Page 110 of Unstable

I’M NOT REALLY FINE. I’m sad as hell. But I’m taking it better than I thought I would.

It might be because it’s a dog versus a person, or the fact that I’m older and sadly, accustomed to loss. Whatever the reason, I feel like I’ve made huge leaps and bounds.

I mean sure, I might be sitting out on the roof like I’m fifteen again and can’t handle shit with my feet on the ground, but I’m not drinking, there’s not currently a thunderstorm and I have no desire to pack my stuff and run, so it’s progress in my book.

And peaceful.

At least for now.

I can hear Keaton in the house yelling my name, more frantically each time, but he’ll figure it out soon.
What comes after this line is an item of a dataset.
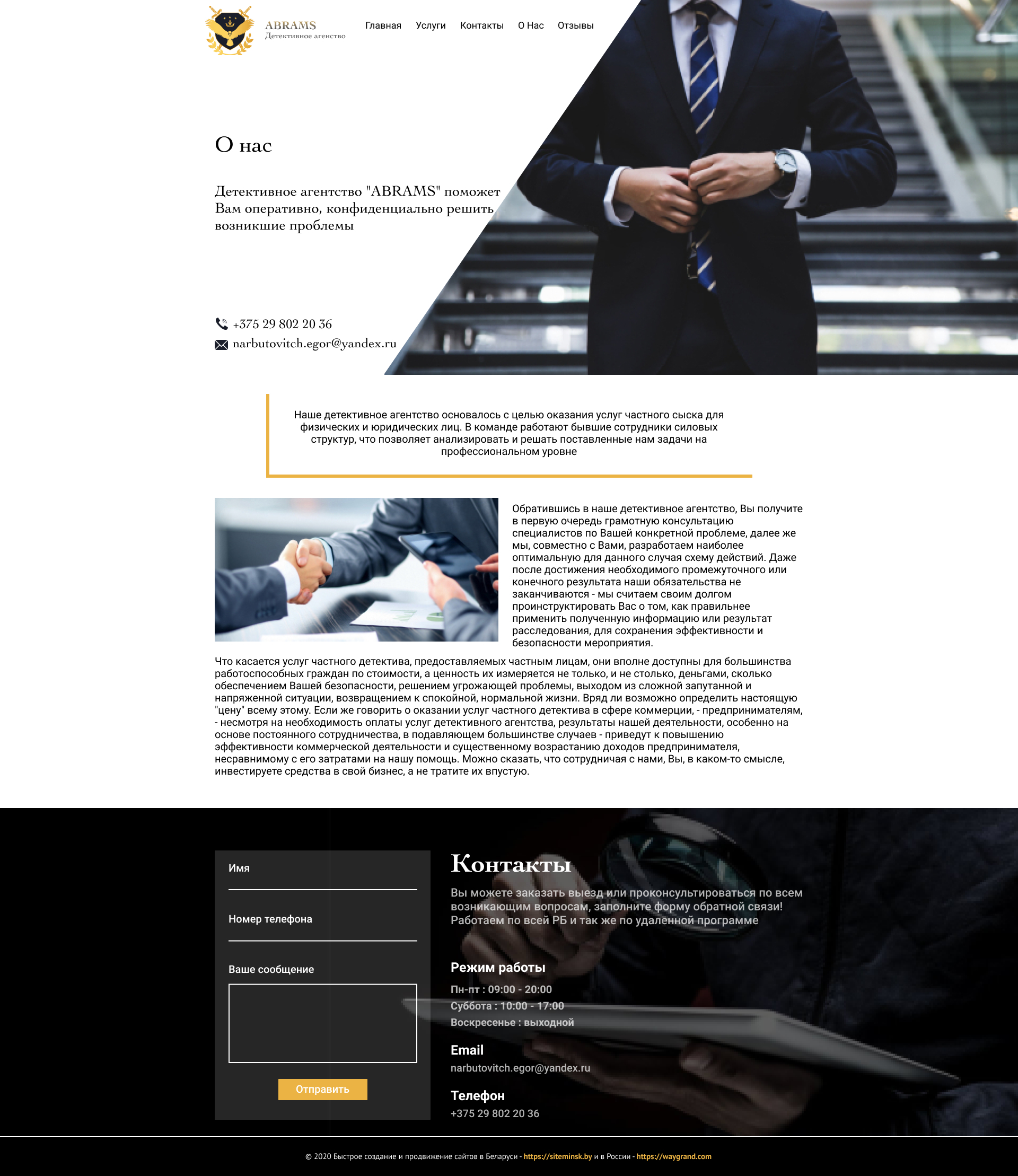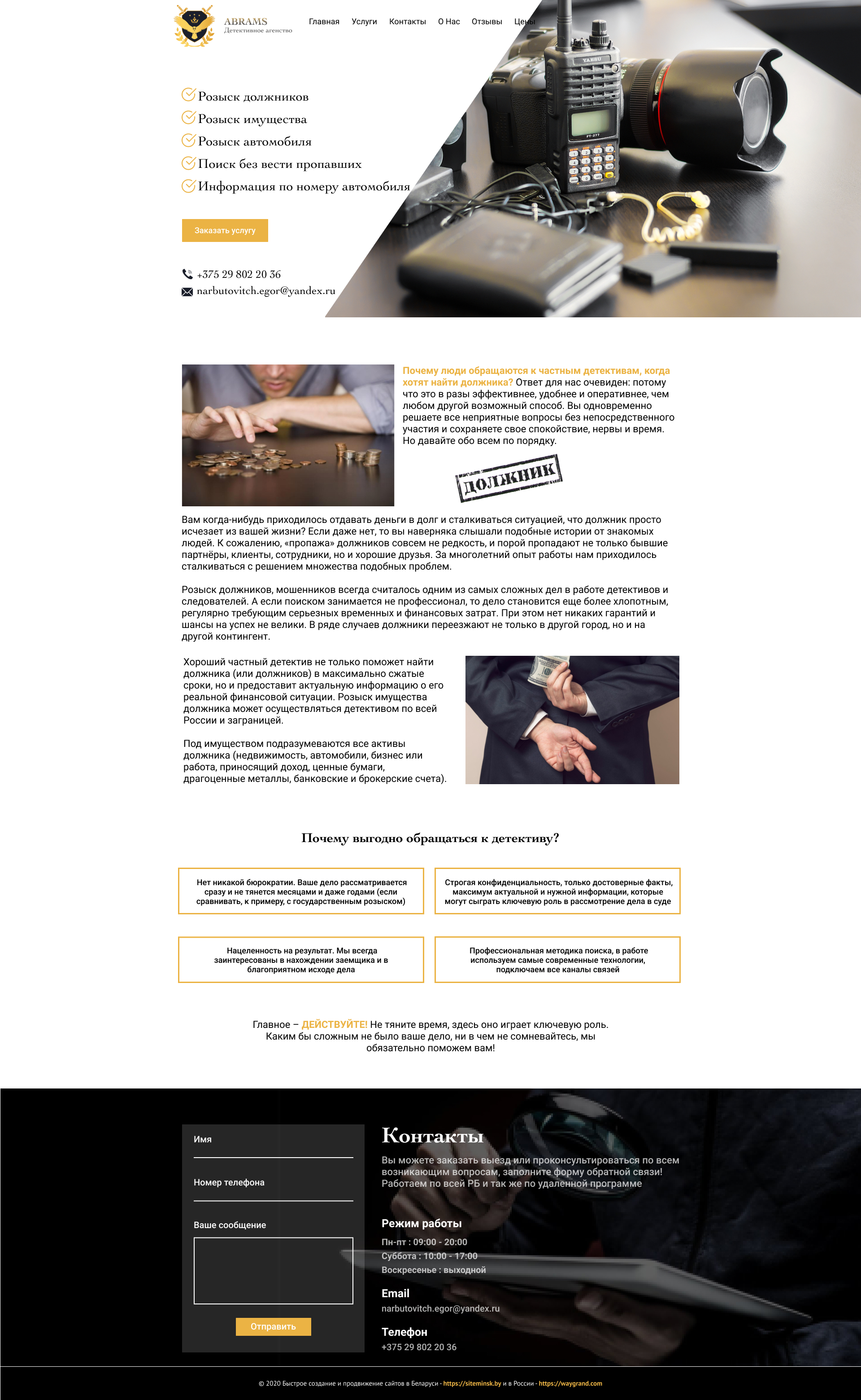 Закажите готовый продающий сайт визитка #239 в Дербенте за 5-7 дня «под ключ»: свёрстан, отрисован и готов к рекламе. Тематика шаблона «Частное детективное агентство».

And when he does, I’ll be a new kind of “not fine.” Of the “in trouble” variety, thus ending the peace I’m out here trying to find in the first place.
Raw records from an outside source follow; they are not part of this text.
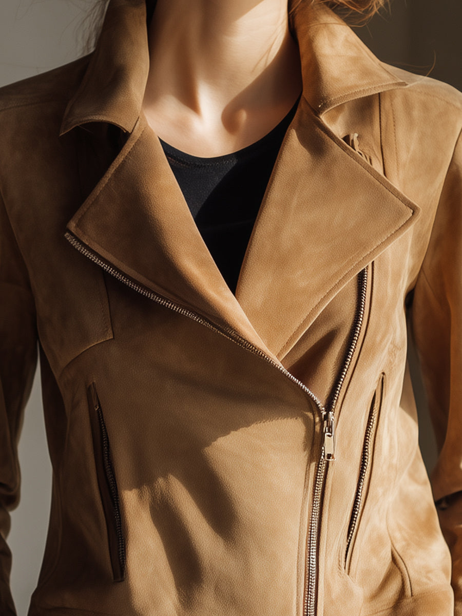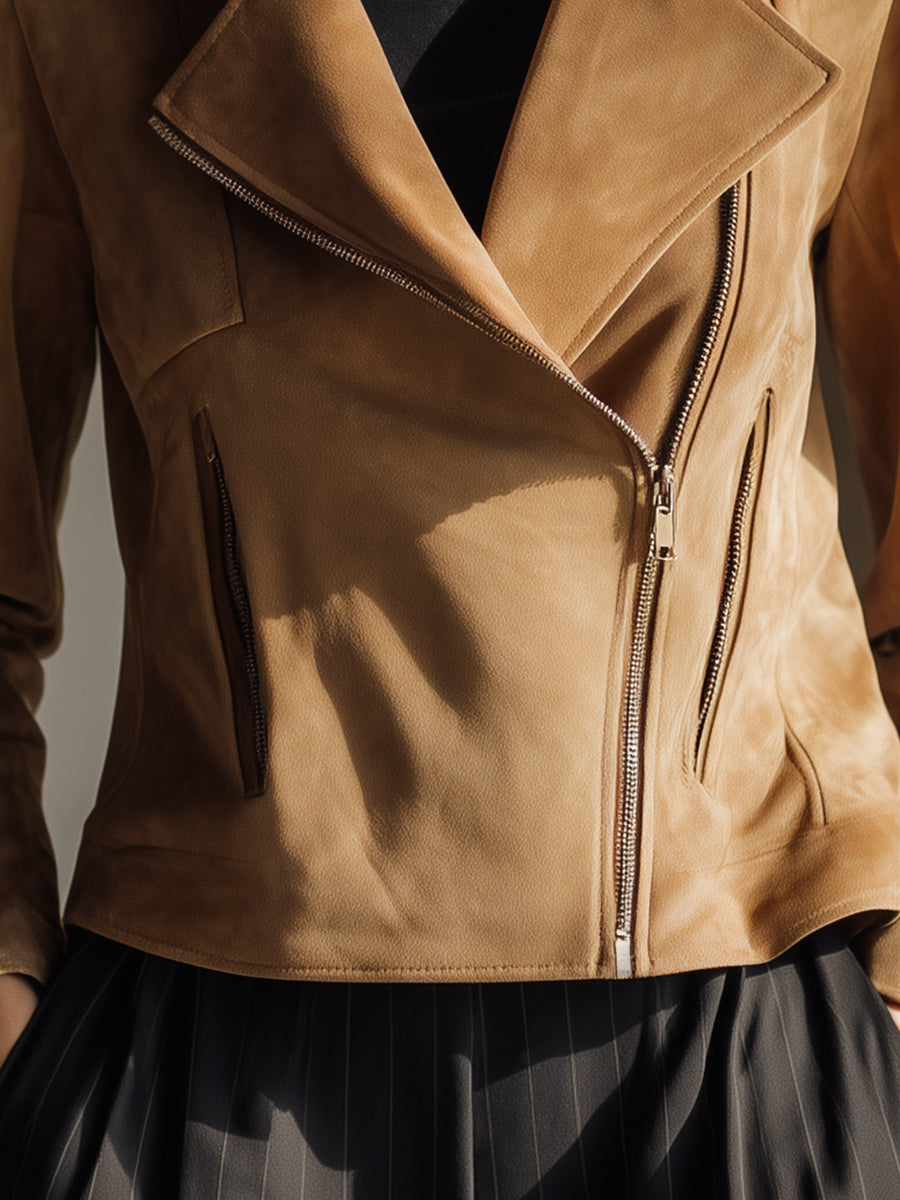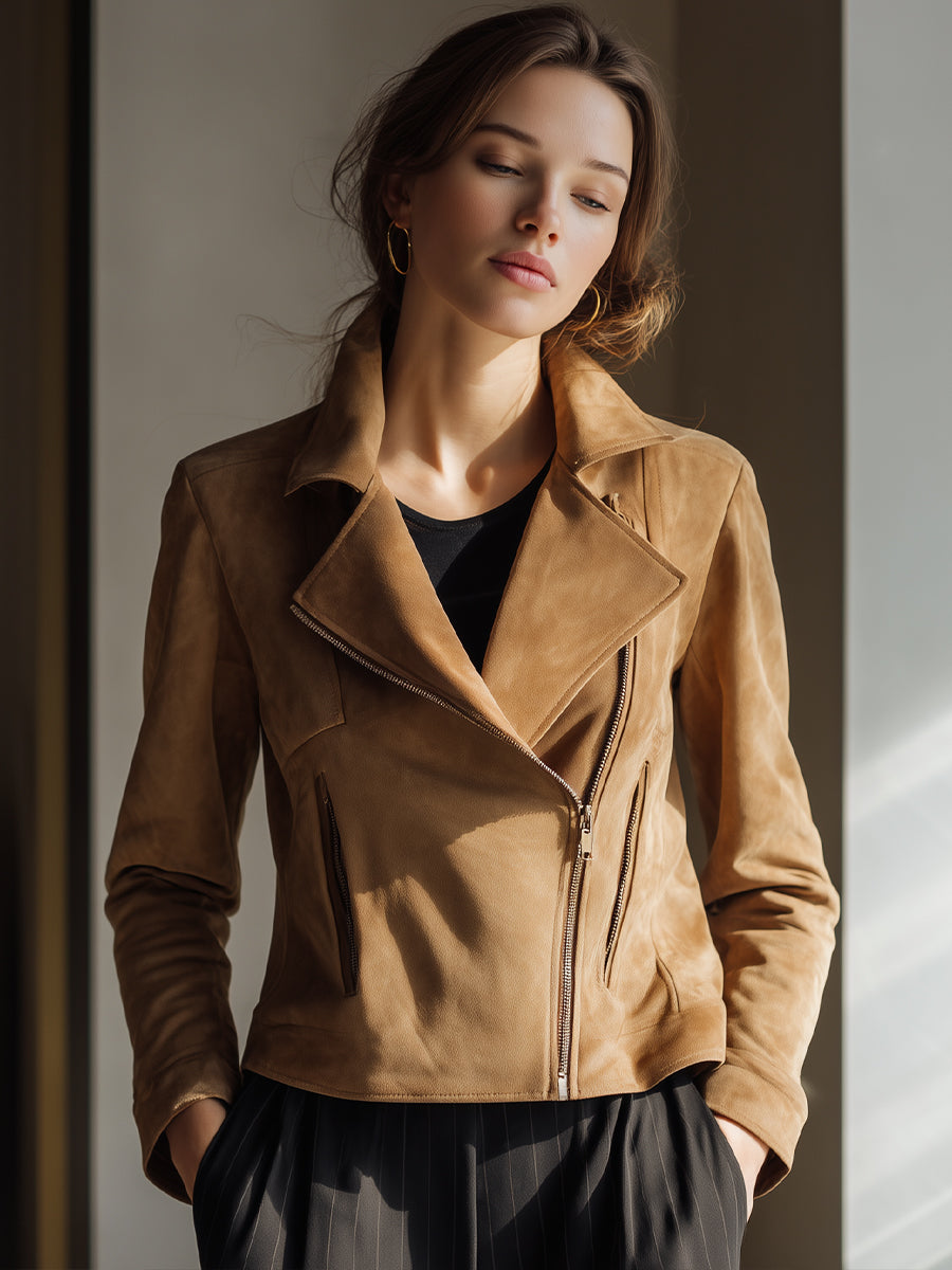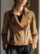 Crovaya introduces the Camel Suede Moto Jacket — a refined interpretation of the classic biker silhouette, crafted for the modern woman who values understated strength and sophistication. Designed from supple suede with a matte finish, it offers a luxurious touch while maintaining a structured, urban edge.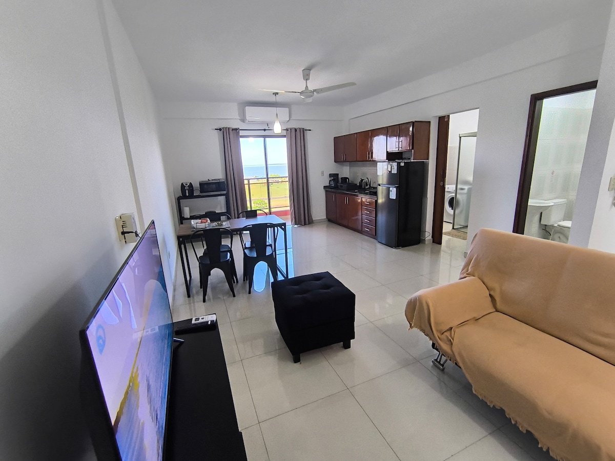 Apartamento con balcón vistas al río y excelente ubicación!📍. A pocos pasos de la Costanera, Playa San José🏖️, restaurantes🍴 y de Shopping Costanera 🛍️. Habitación principal con cama matrimonial 🛏️, sala con sofá cama(2.10 x 0.95 x 0.92) 🛋️, comedor, cocina integrada y baño moderno 🚿 Seguridad 24/7 🔒 y servicio de lavandería dentro del edificio para tu comodidad. Aires Splits en habitación y sala-comedor.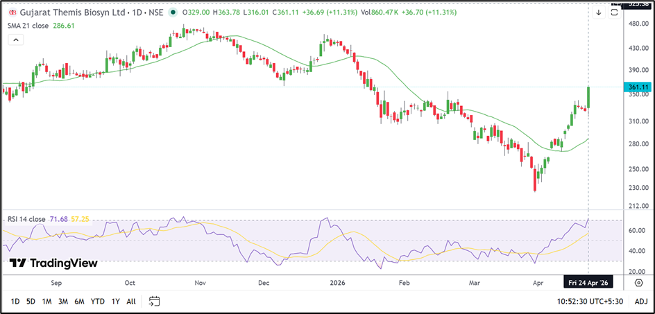 Gujarat Themis Biosyn has delivered a strong recovery, supported by stable earnings and improving technical structure. However, with RSI in overbought territory and resistance approaching, the stock may enter a consolidation phase before the next directional move.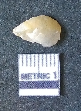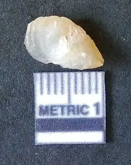 | Description / विवरण | The chalcedony piece is small, with yellowish coloration and flaked edges. The piece has rounded edges and has a prominent bulb of percussion as a result of flaking activity. |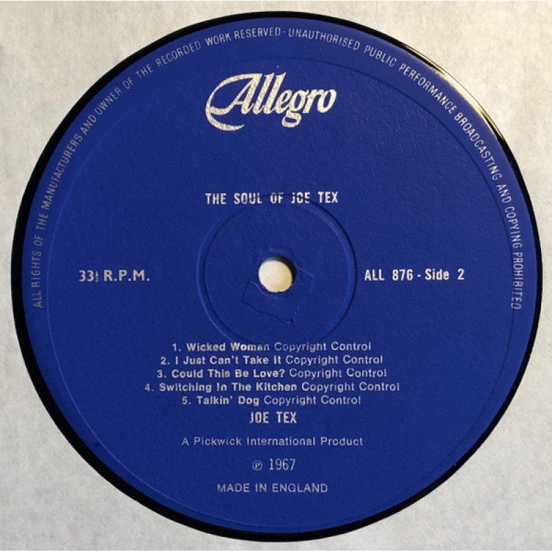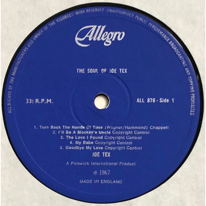 Also issued in [url=https://www.discogs.com/Joe-Tex-The-Soul-Of-Joe-Tex/release/8104717]stereo, cat # SAL 876[/url].Barcode and Other Identifiers

So I stare up at the stars, taking long inhales and slower exhales, sending my final wishes and thoughts into the atmosphere with the little time I have left.

Here he comes. You could hear his big, booted feet thumping up the stairs a mile away, while wearing earplugs.

The window slides up… and we have detonation. As expected.

“Henley Gene Calvert,” he barks. “I know you’re upset, but what’d I say about the roof, woman? I seem to recall offering to stay with you to avoid situations just like this.”

“You said no roof while there’s a storm or a bottle of wine involved. Neither of those things are in effect,” I bark right back. “And may I remind you, I spent many nights on this roof when I was younger, without your interference, and managed just fine.”

“You know I’m coming out after you, right? Don’t move,” he grumbles and I watch, amused, as he pulls off his boots then once again, barely squeezes himself through the window. He’s no small man by any means and the window is, so his successful struggle is both comical and impressive.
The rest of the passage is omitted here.